Top of Data shown

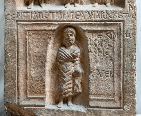 - griechisch: Σεντία Πετιλία τθῦ(!) ἀνδρὸς κὲ τῶν //τέκνω(ν) μνή/μης / [[ιεk]] / χάρεν(!)
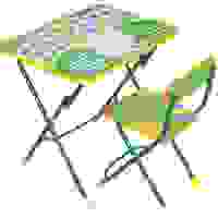 Комплект складной. Подходит для кормления, игр и обучения. Поверхность столешницы ламинированная с нанесением ярких познавательных рисунков. На поверхности стола можно рисовать маркером на водной основе.
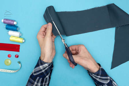 The tailor cuts the fabric. Sewing accessories. Self-development at home. Creating a pattern for sewing clothes.
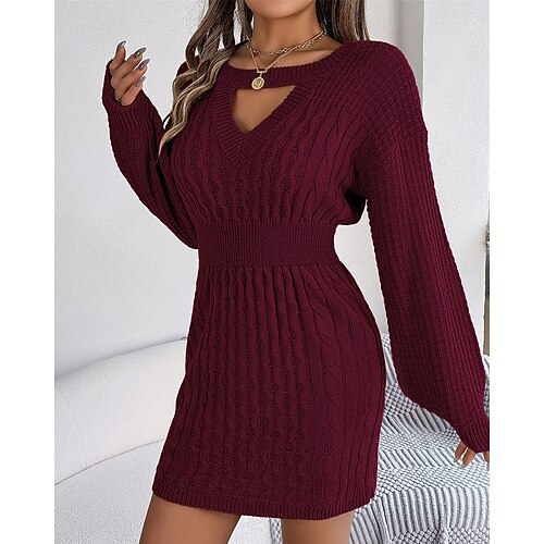 Per donna Mini Abito Abito in maglia Vestito Casual Elegante Moda Moderno Quotidiano All'aperto Spiaggia Vestibilità regolare Semplice Manica Lunga Girocollo Giallo Rosso Grigio Primavera Autunno
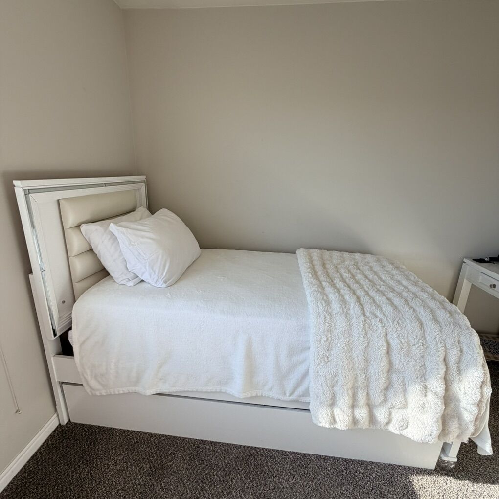 VenmoRC Willey Trundle bed - white beautiful bed w pull out bed under. Moving into furnished home would like to sell my daughter’s bed with mattresses and nightstand included for $450. Full trundle setup (headboard footboard rails and under bed holder that rolls out plus 2 mattresses plus matching nightstand for $445. We have a matching desk if you want for free with the set

Bottom of Data shown

### Task item
Copy each entry exactly as written. Pictures do not belong in the copy.

### Exercise response
 - griechisch: Σεντία Πετιλία τθῦ(!) ἀνδρὸς κὲ τῶν //τέκνω(ν) μνή/μης / [[ιεk]] / χάρεν(!)
 Комплект складной. Подходит для кормления, игр и обучения. Поверхность столешницы ламинированная с нанесением ярких познавательных рисунков. На поверхности стола можно рисовать маркером на водной основе.
 The tailor cuts the fabric. Sewing accessories. Self-development at home. Creating a pattern for sewing clothes.
 Per donna Mini Abito Abito in maglia Vestito Casual Elegante Moda Moderno Quotidiano All'aperto Spiaggia Vestibilità regolare Semplice Manica Lunga Girocollo Giallo Rosso Grigio Primavera Autunno
 VenmoRC Willey Trundle bed - white beautiful bed w pull out bed under. Moving into furnished home would like to sell my daughter’s bed with mattresses and nightstand included for $450. Full trundle setup (headboard footboard rails and under bed holder that rolls out plus 2 mattresses plus matching nightstand for $445. We have a matching desk if you want for free with the set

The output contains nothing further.